MATERIAL TO PROCESS -
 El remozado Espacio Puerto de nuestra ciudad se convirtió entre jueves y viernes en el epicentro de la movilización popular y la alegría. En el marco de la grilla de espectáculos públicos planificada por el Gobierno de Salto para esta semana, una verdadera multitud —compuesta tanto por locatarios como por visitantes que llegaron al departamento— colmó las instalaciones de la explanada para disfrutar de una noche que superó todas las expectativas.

---

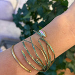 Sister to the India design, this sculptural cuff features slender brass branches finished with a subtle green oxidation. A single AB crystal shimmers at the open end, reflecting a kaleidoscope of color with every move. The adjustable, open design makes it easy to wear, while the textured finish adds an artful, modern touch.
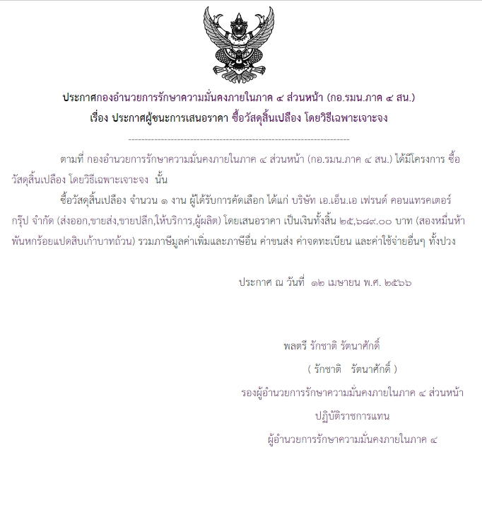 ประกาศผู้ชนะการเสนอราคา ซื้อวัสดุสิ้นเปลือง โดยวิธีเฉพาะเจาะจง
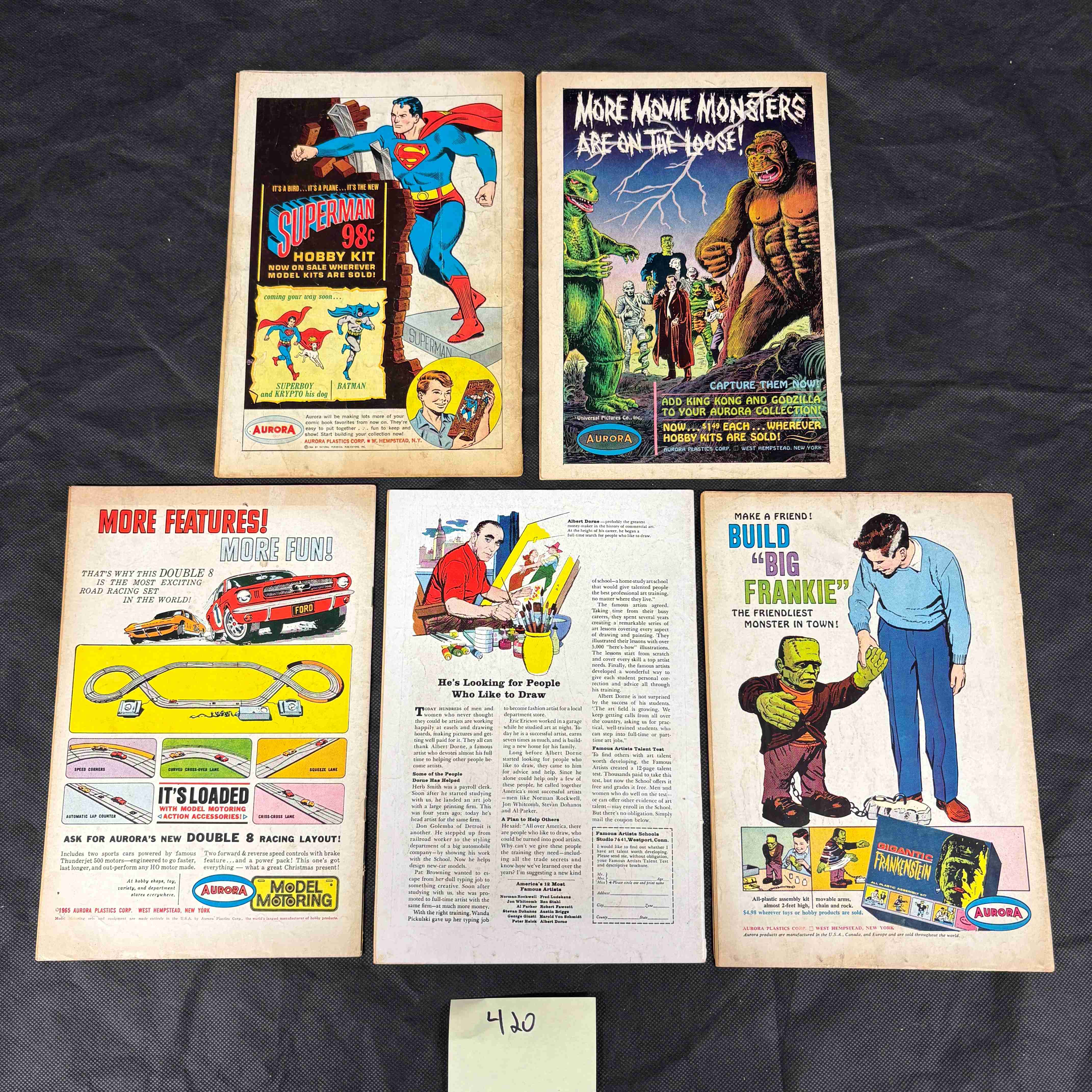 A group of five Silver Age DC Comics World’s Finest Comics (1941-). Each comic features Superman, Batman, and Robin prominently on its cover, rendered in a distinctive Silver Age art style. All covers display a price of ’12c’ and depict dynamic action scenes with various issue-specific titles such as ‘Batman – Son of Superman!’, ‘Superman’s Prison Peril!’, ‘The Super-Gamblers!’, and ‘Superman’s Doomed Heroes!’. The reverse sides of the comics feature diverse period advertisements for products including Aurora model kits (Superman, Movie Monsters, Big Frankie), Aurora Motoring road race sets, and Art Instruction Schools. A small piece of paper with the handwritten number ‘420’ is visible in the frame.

==

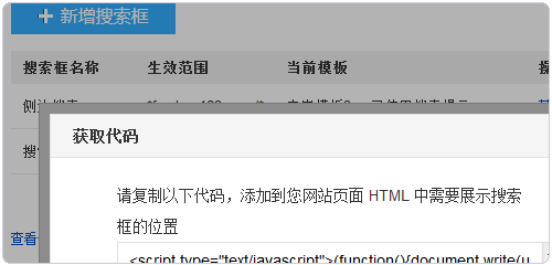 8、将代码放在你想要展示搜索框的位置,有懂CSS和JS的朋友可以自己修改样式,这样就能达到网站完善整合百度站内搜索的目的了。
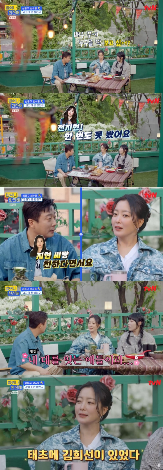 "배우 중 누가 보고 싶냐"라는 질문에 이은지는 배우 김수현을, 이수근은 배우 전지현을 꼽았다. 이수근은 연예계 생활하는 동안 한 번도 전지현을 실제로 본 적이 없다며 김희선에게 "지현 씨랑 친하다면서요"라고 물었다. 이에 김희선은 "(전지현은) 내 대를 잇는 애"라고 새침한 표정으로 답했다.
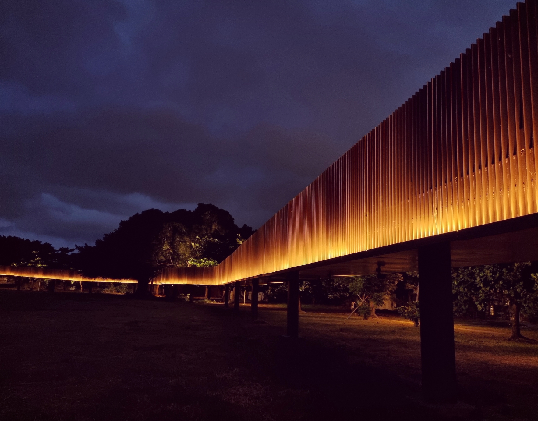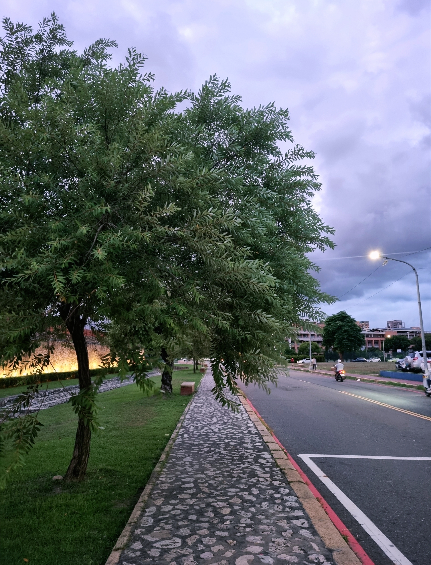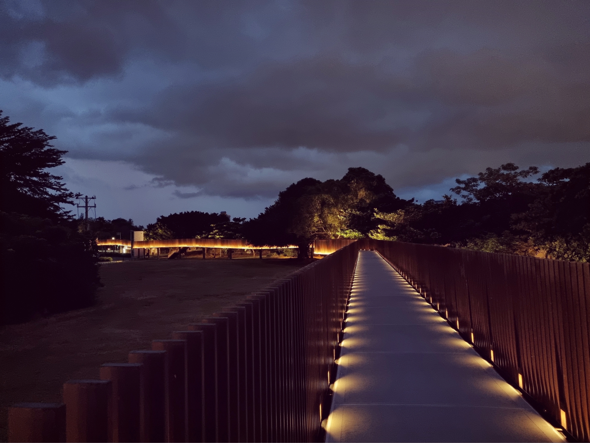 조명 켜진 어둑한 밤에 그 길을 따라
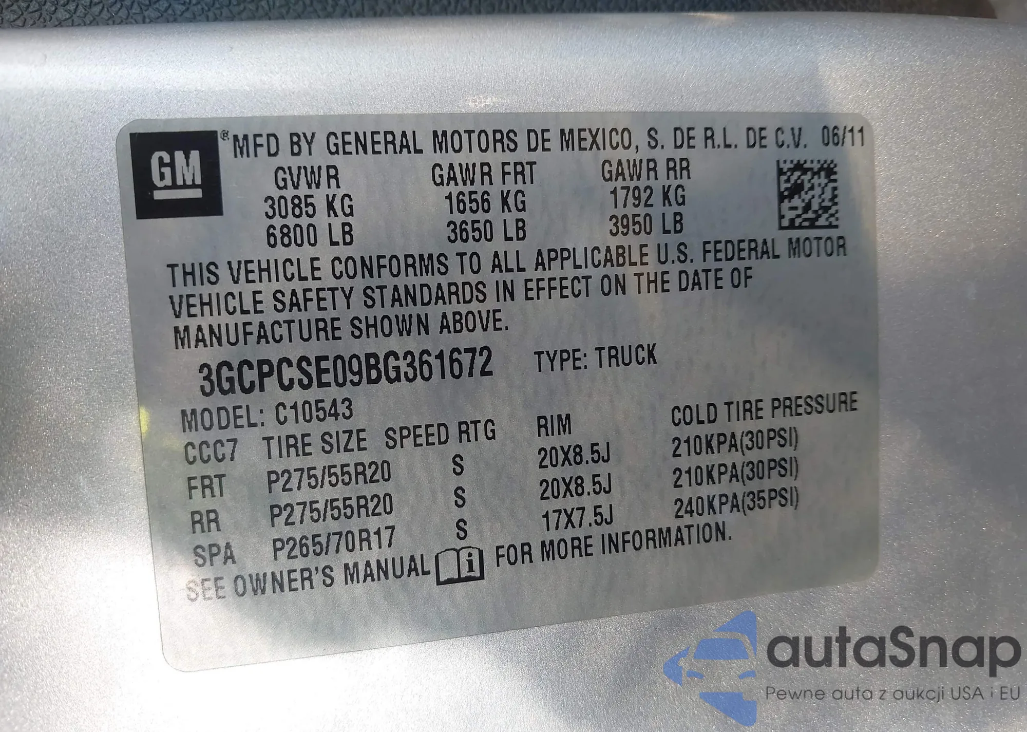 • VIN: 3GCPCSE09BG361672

PROBLEM TO SOLVE - Find the line with "Sister to the" in the entries above. Set down exactly every line from it up to and including the line with "ประกาศผู้ชนะการเสนอราคา ซื้อวัสดุสิ้นเปลือง โดยวิธีเฉพาะเจาะจง", images excluded.

RESULT OF THIS EXERCISE -
 Sister to the India design, this sculptural cuff features slender brass branches finished with a subtle green oxidation. A single AB crystal shimmers at the open end, reflecting a kaleidoscope of color with every move. The adjustable, open design makes it easy to wear, while the textured finish adds an artful, modern touch.
 ประกาศผู้ชนะการเสนอราคา ซื้อวัสดุสิ้นเปลือง โดยวิธีเฉพาะเจาะจง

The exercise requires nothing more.